(Your objective):
Please retype the data below exactly, stopping after the line with "まわりのフィルムを剥がし蓋をあけると調味料パッケージが3つ入っていました。" and skipping every picture.

Saved entries

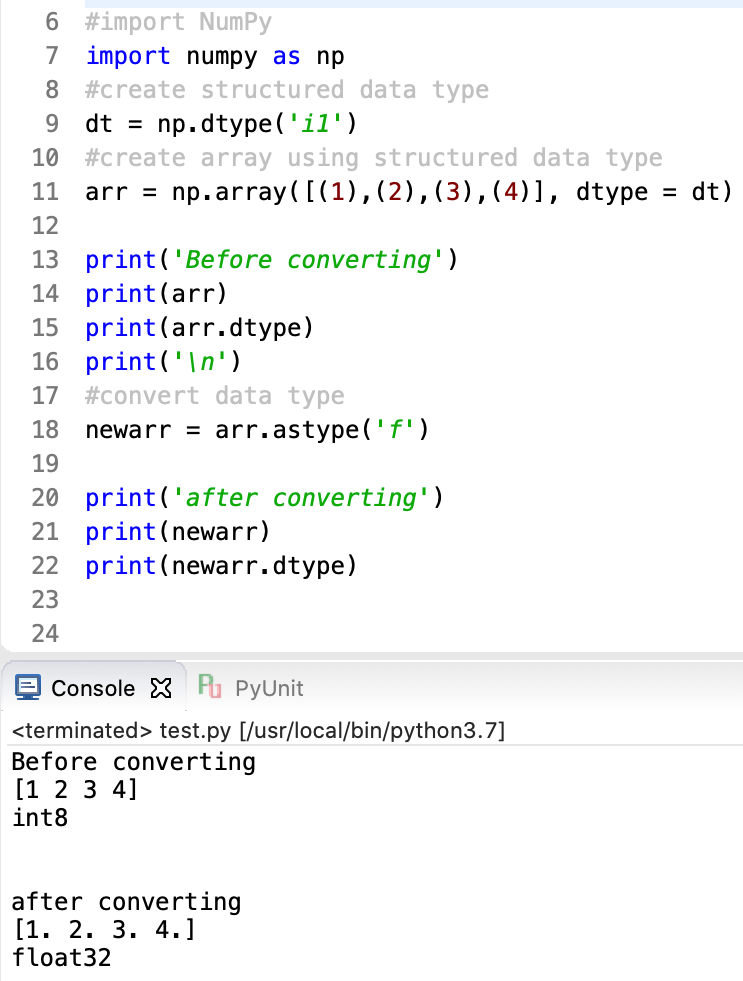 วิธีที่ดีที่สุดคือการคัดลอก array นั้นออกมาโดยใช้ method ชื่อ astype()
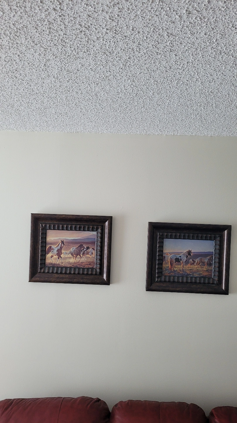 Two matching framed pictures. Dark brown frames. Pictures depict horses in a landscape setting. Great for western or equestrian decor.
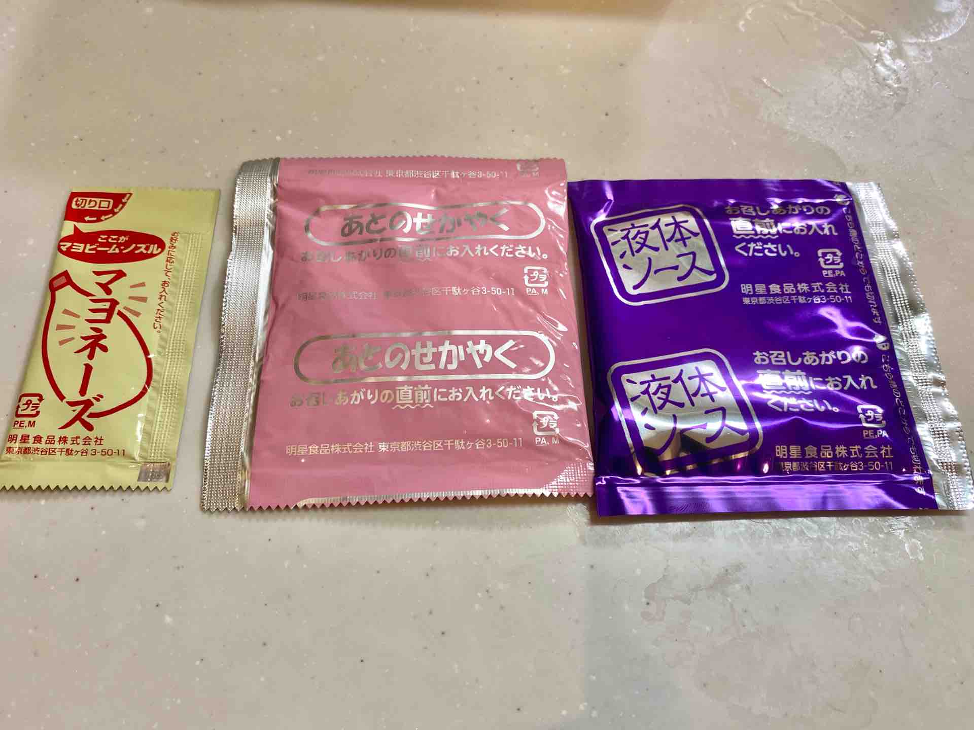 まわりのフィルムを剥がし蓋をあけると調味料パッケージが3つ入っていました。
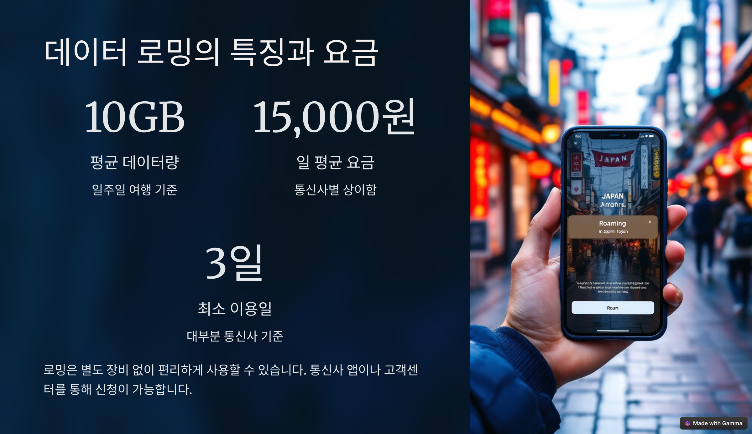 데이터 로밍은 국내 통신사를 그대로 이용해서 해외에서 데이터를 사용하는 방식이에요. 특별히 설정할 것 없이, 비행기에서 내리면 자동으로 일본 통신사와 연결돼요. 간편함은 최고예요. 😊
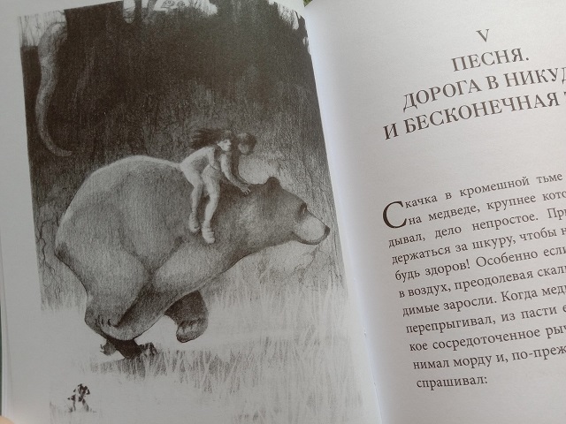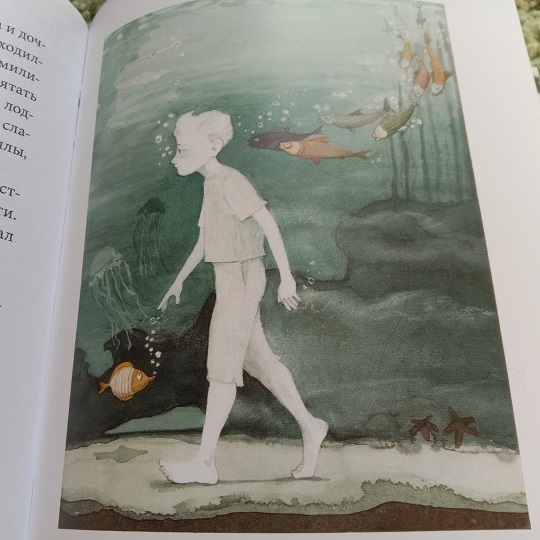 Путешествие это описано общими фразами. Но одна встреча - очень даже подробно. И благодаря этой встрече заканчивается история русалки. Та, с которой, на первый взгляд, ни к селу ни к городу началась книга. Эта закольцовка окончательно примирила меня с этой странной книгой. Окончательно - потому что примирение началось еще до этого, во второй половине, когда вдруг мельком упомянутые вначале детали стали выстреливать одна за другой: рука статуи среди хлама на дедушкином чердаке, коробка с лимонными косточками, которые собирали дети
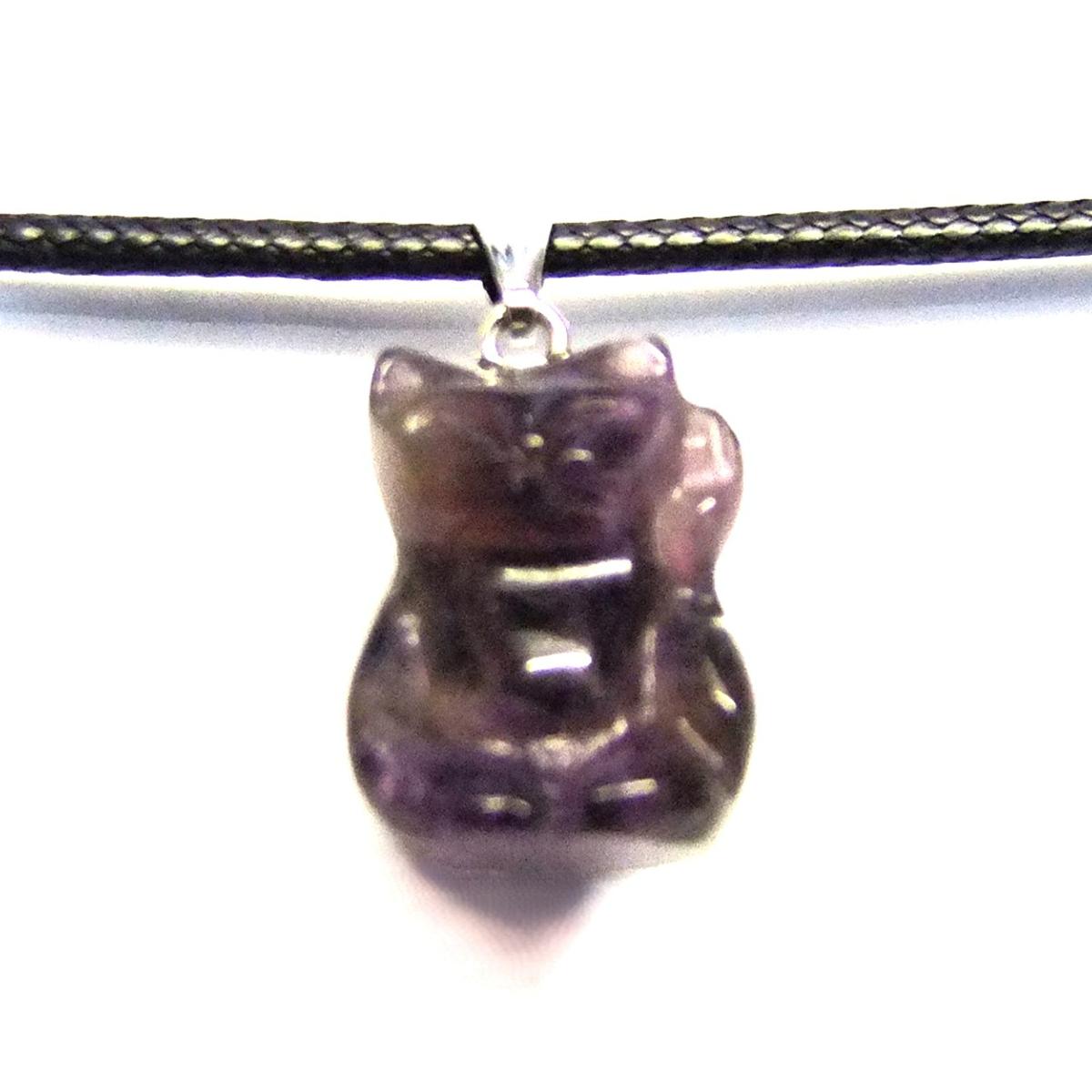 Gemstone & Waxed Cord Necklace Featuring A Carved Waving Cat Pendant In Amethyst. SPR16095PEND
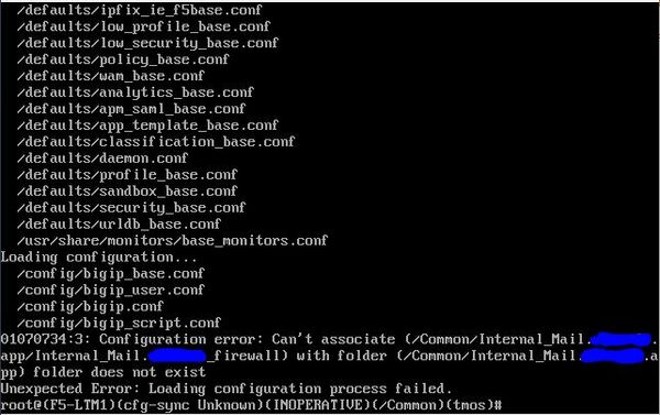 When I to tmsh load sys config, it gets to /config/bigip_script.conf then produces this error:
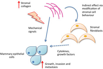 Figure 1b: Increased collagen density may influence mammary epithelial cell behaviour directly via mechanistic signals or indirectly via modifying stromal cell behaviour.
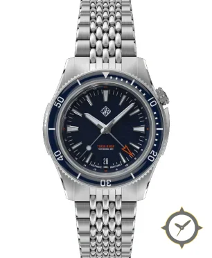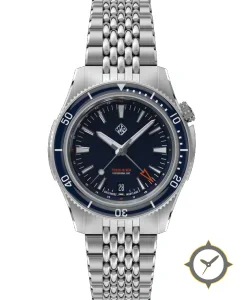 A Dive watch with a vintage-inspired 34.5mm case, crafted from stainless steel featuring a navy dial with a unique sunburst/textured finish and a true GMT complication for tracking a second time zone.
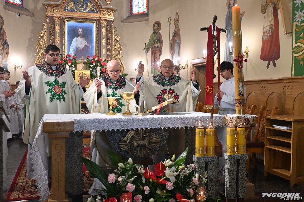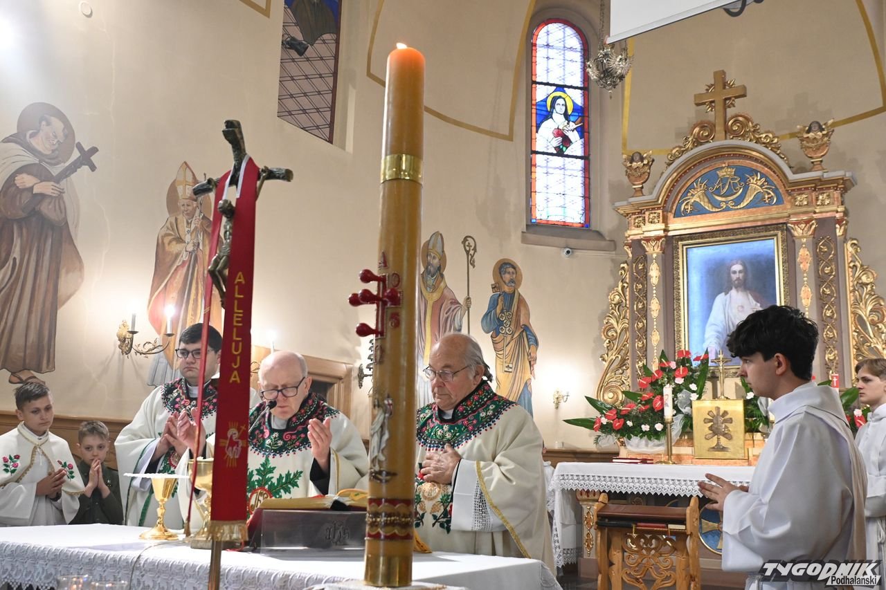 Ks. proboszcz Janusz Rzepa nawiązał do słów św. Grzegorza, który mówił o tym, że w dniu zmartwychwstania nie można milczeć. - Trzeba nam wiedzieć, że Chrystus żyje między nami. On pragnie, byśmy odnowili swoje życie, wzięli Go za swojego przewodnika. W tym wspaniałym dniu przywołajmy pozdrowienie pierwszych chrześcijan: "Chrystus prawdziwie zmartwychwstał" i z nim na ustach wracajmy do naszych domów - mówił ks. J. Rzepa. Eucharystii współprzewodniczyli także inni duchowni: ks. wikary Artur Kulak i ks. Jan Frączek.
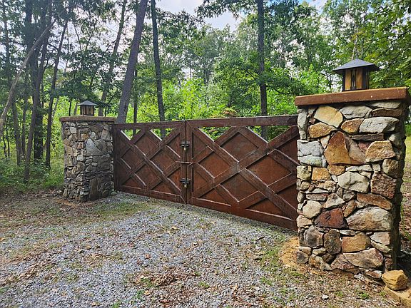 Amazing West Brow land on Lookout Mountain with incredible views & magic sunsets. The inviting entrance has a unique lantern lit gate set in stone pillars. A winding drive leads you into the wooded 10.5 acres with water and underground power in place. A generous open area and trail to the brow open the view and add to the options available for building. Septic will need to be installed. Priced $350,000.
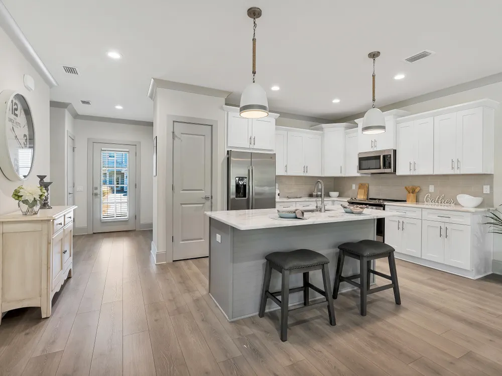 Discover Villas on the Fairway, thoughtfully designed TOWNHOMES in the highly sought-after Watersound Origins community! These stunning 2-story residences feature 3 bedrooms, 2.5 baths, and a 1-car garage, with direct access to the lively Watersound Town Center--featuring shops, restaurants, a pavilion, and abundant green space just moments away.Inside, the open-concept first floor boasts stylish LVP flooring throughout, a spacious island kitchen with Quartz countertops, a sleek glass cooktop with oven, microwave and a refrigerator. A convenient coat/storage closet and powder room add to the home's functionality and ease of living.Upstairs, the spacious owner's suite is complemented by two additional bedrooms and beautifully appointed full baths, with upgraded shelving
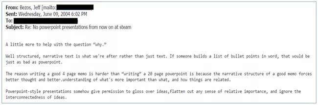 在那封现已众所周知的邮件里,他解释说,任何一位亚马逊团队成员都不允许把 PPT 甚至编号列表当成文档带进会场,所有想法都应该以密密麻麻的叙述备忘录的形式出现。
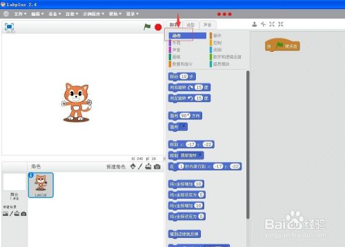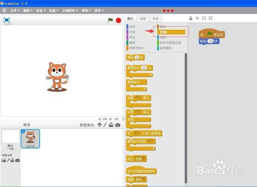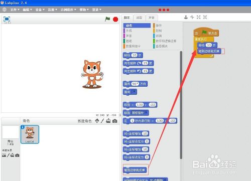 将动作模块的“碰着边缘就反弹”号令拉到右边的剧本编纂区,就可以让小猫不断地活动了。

(Response box):
 วิธีที่ดีที่สุดคือการคัดลอก array นั้นออกมาโดยใช้ method ชื่อ astype()
 Two matching framed pictures. Dark brown frames. Pictures depict horses in a landscape setting. Great for western or equestrian decor.
 まわりのフィルムを剥がし蓋をあけると調味料パッケージが3つ入っていました。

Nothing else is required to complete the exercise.